Director: Lawrence Michael Levine
If Anna Kendrick were an indie star, her name would be Sophia Takal. The pair look alike, have some of the same mannerisms, and are only separated by a few hundred million dollars. Perhaps that’s where Takal would like to go with her career, to super-stardom with Kendrick. Or perhaps not, perhaps she wants to be a director/producer/indieactress, who knows. Anna Kendrick sure didn’t start at the top; people forget that she was a side character in the Twilight movies. That’s right, she played second fiddle to Kristen Stewart, the wet rag of Hollywood. Anyway, I digress. If you’d like to see an Anne Kendrick look-alike lead a quirky cast in a crime caper throwback with an indie twist, look no further.

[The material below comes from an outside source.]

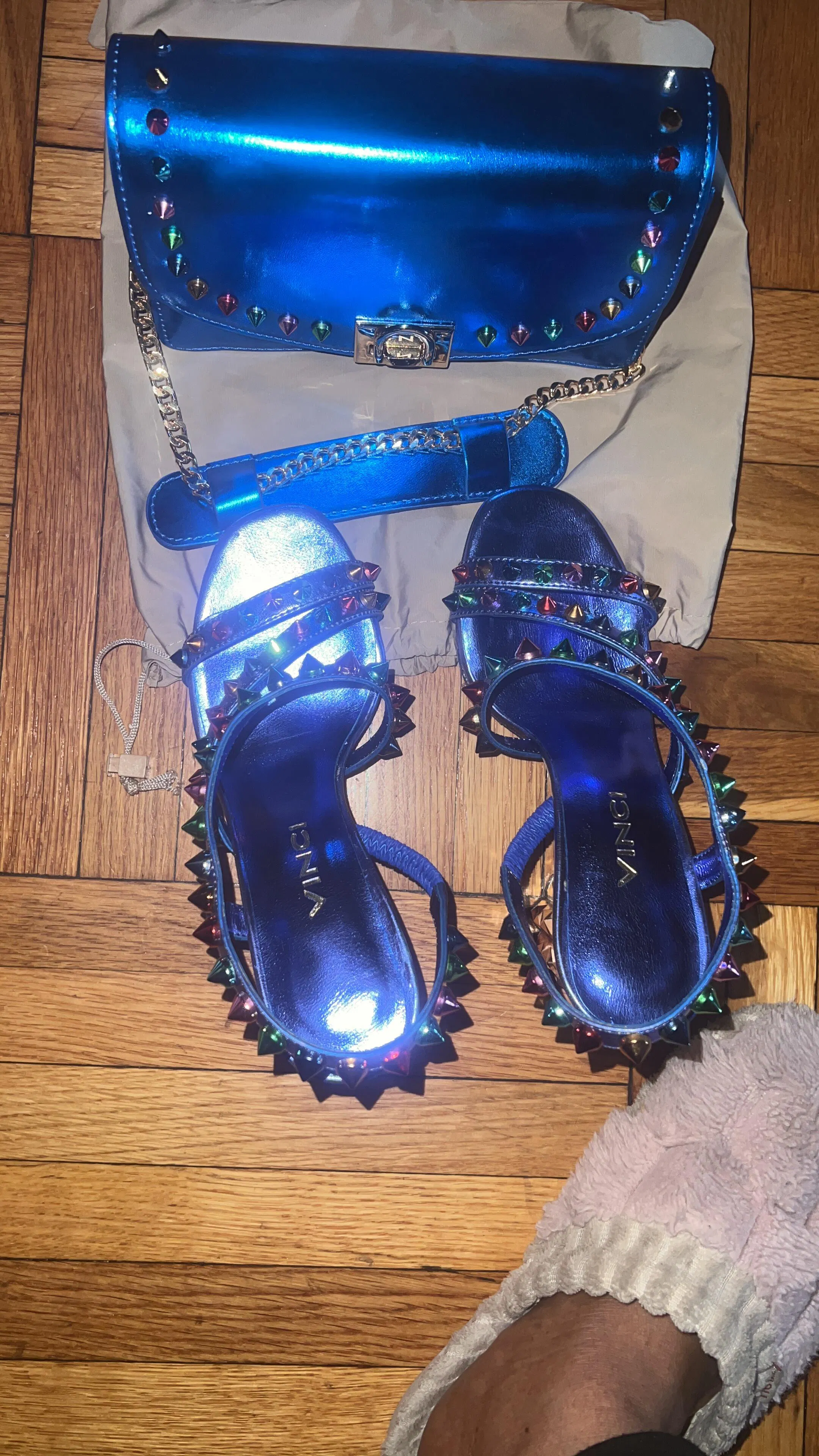 Conjunto versátil con sandalia de cuero Caris Sax de tacón bloque azul con punta de espiga: Combina tu bolso de cuero azul Caris Sax con las sandalias de tacón bloque azul Caris Sax de cuero con tachuelas para mujer, disponibles por separado, creando un conjunto coordinado que irradia confianza y estilo.

This is a movie about characters, so here’s the rundown. Barri is an unemployed New Yorker who lives with her boyfriend and is trying to turn a big idea into an actual moneymaker. Noah is her beau, he owns a small company that deal with film directors. Eleanor is his ex-girlfriend & business partner, a current lesbian who might still love Noah. Jean is the couple’s roommate, also a lesbian, often annoying Noah, maybe loving Barry, highly attracted to Eleanor. The action of the plot begins when Barri’s & Noah’s neighbor Sylvia dies, leaving her son Anthony to deal with her finances. Damien, the owner of the building, intends to sell now that the last rent-controlled tenant is gone. But was there foul play? That’s what Barri is determined to find out, while Noah tries to stop her, Eleanor creates complicated theories, Jean attempts to help, Anthony acts suspicious, and Damien makes masks of the people he knows. Odd? You betcha.
As with most New York indie comedies, there’s a certain feel. Woody Allen crafted it, others have duplicated it, and it’s always there, permeating the story and adding to the drama. The apartments, the tenants, the city streets, the subways, the rooftops; and that’s just the background. You also have the typical cast of characters, one that Allen would instantly relate to. Levine does his best to direct & star in a film that pays homage to an old school style, and it mostly works. The film is indie-meets-classic, a new take on an old premise. The intrigue, the comedy, the fast pace, the ridiculous choices, the light mood despite the dark premise; it’s a film that’s easy to like. The problem is that it’s not great. It doesn’t shine on its own, doesn’t compel audiences to laugh out loud, and doesn’t move far beyond the good base that sets it up to succeed but doesn’t guarantee complete success. Wild Canaries in a quick laugh, a nice throwback, but no more.